As I prepared to make my first-ever batch of Colombian bistec a caballo, I couldn’t help but think about Michael’s love of steak. And I found myself wondering about the Colombian experience of childhood.

I stumbled across a snippet of poetry from the Colombian modernist poet José Asunción Silva  (1865-1896) – the man immortalized on the 5,000 pesos bill.

Silva on the 5,000 Pesos bill

Silva on the 5,000 Pesos bill

After experiencing the death of his 4 siblings (3 by the age of 10) Silva certainly had conflicted feelings about his early years. He wrote in his poem Childhood that the “hazy memories / Time so generously glorifies” help us maintain a “fantasy of happy childhood days.”

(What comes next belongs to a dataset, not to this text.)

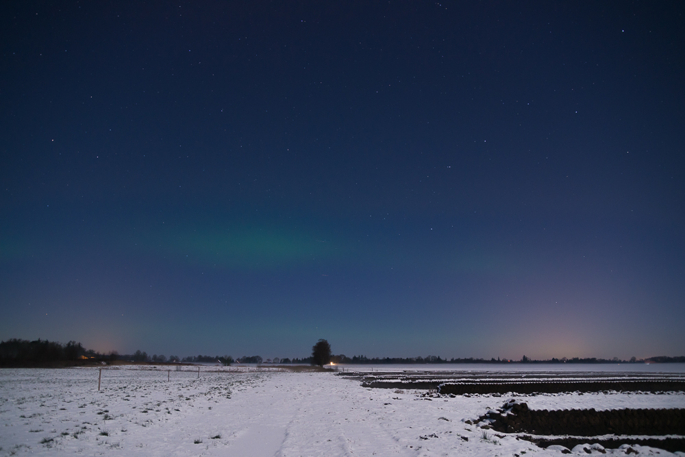 vielen Dank für die Meldung! In St. Peter-Ording kam ich kurz nach 19 Uhr nach draußen. Auf dem Weg mit dem Fahrrad zum Deich an die Tümlauer Bucht waren bis auf Höhe der Deichsel des Großen Wagens immer wieder helle Flecken zu sehen, die ich aber für vom Mondlicht erleuchtete Wolkenschleier hielt. Sonst hätte ich sofort in Nähe des Ortes schon das Stativ aufgebaut. Am Deich stellte sich dann bei den beiden ersten Fotos heraus, dass diese im Bild grünlichen Schimmer zum "oberen Bogen" des Polarlichts gehörten. Leider waren es in der Höhe die letzten. Danach war der untere Bogen in unterschiedlicher Stärke noch bis nach 22 Uhr zu sehen. Später war nicht mehr klar, was Polar- und was Mondlicht war.

But the poem ends beautifully:

Childhood, hallowed valley
Of blessed calm and coolness,
Where rays that will later blast our days
So softly shine,
How saintly your pure innocence,
How fleeting your brief happiness,
How sweet in hours of bitterness
To turn back to the past
And call upon those memories!

Excerpt from “Childhood” by José Asunción Silva

I can relate to Silva’s impassioned sentiments. Michael has been gone since 1992 – just a boy himself when he died – but my hallowed memories of long afternoons romping through the neighborhood on an imaginary horse are certainly sweet… even if they are part fantasy.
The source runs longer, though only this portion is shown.